Так я испытала первую ревность. Стало ясно, что ни радости, ни победных достижений она не приносит, зато ставит человека в глупое положение, лишая возможности положительно мыслить и находить правильные решения в своём поведении. Ревность сродни собственничеству, стоящему на защите своего эго. Мне-мне-мне! Я-я-я! Моё-моё-моё! Что может быть глупее? А кто или что здесь было моим?

Итак, мы заканчиваем училище. Дима, успешно справившись с государственными экзаменами, получил распределение в небольшой посёлок под Одессой, куда был направлен в качестве директора для организации там музыкальной школы. Из студентов, окончивших училище вместе с ним, ему было предложено выбрать выпускников разных специальностей в качестве педагогического состава будущей школы. Теоретик ему тоже был нужен, но мне работать вместе он не предлагал, так как знал, что я буду поступать в консерваторию и по назначению поехать не смогу.

Через лето, к сентябрю следующего учебного года, школа была готова для начала занятий. Дима с головой ушёл в работу. А я, пережив трудное лето 1964 года, связанное с поступлением в Одесскую консерваторию, стала студенткой первого курса музыковедческого отделения.

Но наш контакт с Димой не прерывался. Он время от времени приезжал в Одессу по делам и заходил к нам в гости. Мы по-прежнему были рады видеть друг друга, бегали в кино и по-прежнему ели пирожки с горохом в круглом доме на площади Мартыновского. Но встречи были всё более и более редкими и, наконец, совсем растаяли. За семейными заботами и учёбой я это даже не сразу заметила. А потом стало известно, что Дима женился на учительнице по классу фортепиано, работающей в его школе, у которой папа был большим партийным работником в Одессе. Таким образом Дима быстро переехал из захолустного городка в Одессу, стал директором очередной музшколы. И затем при содействии влиятельного папы сделал партийную карьеру, став большим партийным работником в ГорОНО[38]38
  Городской Отдел Народного Образования.


[Закрыть]
. Теперь в его ведомстве были все музыкальные школы города и области.

Я никогда не знала подробностей Диминой личной жизни.

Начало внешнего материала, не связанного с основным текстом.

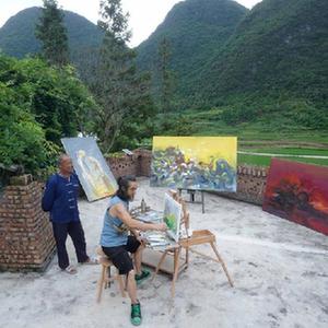 7月3日,来自深圳的画家李佳在洪江村自己打造的工作室外写生。
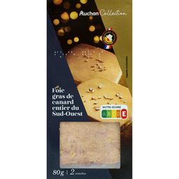 2 tranches de foie gras de canard entier isssues de canards élévés dans le sud ouest de la france, preparé avec une recette a l'Armagnac. Un foie gras premium, idéal pour une entrée a deux!
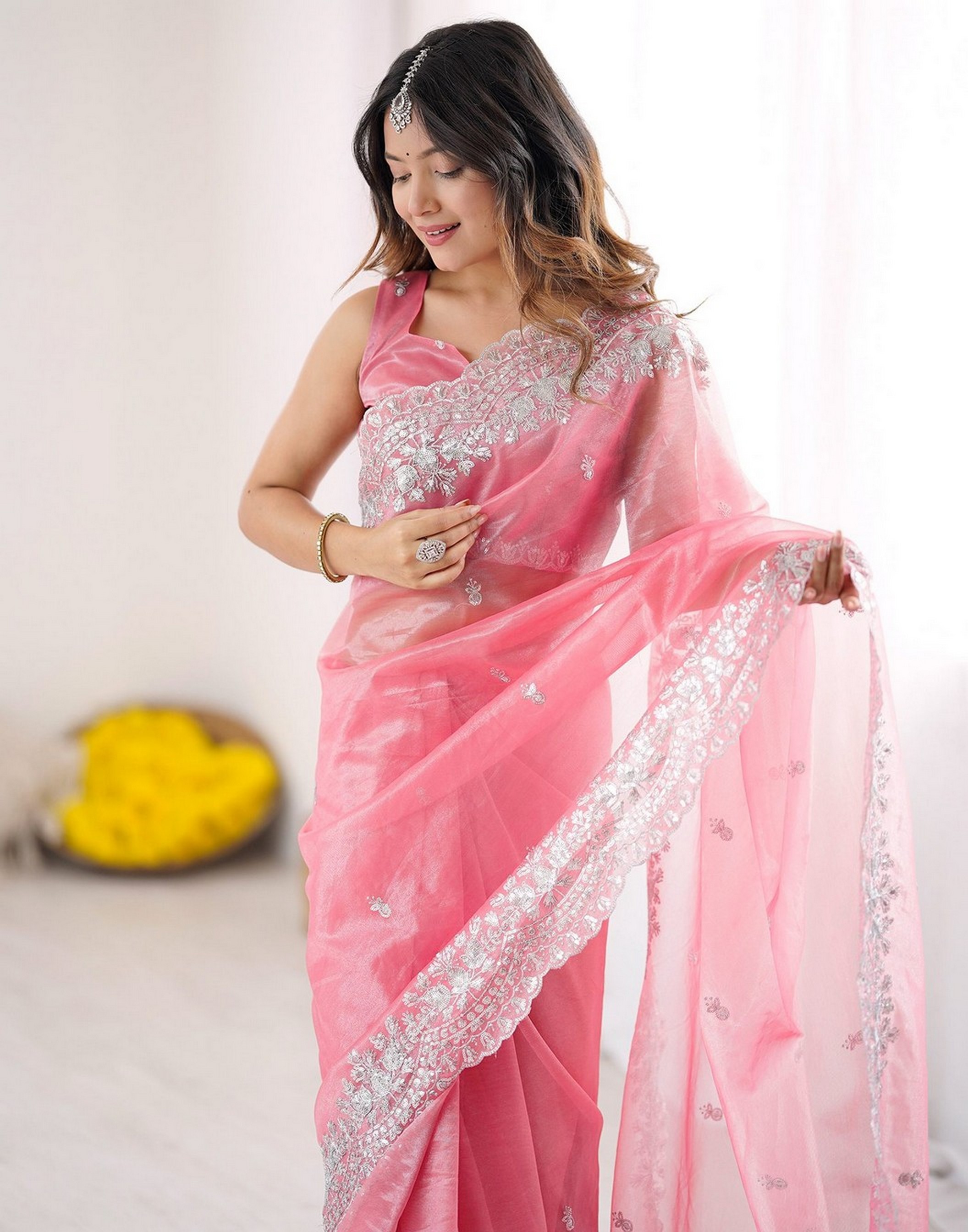 Pink Color Art Silk Fabric Designer Embroidered Saree For Ceremonial Looks

Наши отношения мне никогда не были до конца понятны. Всё между нами было прекрасно, весело и легко, но на поверхности, без глубины, на уровне романтической дружбы, если таковая бывает. Не мудрено, что Димины цели и задачи шли гораздо дальше моих возможностей. Без этого брака на девушке с папой, большим партийным боссом, он никогда не смог бы взлететь столь высоко. Не знаю, был ли он счастлив в своей семейной жизни, но карьерный рост был налицо.

В 1969 году я закончила консерваторию, успела пройти через орловский и московский период и вернулась в Одессу. Пришло время, когда с обычной для него лёгкостью Дима оказал мне серьёзную помощь с работой. Он организовал очередную музыкальную школу в посёлке Котовского, где я благополучно доработала до отъезда за океан.

Весь штат новой музыкальной школы, и я в их числе, по воскресеньям, то есть в своё свободное время, принимали участие в достройке второго этажа на каком-то невзрачном здании, где и была размещена школа. Мы, советская молодёжь, всегда должны были «с готовностью» откликаться на разного рода бесплатный труд. Эти неоплаченные общественные работы красиво назывались молодёжным энтузиазмом, субботником, как знаменитые Ленинские субботники, ставшие традицией для строителей нового общества, работающих по субботам.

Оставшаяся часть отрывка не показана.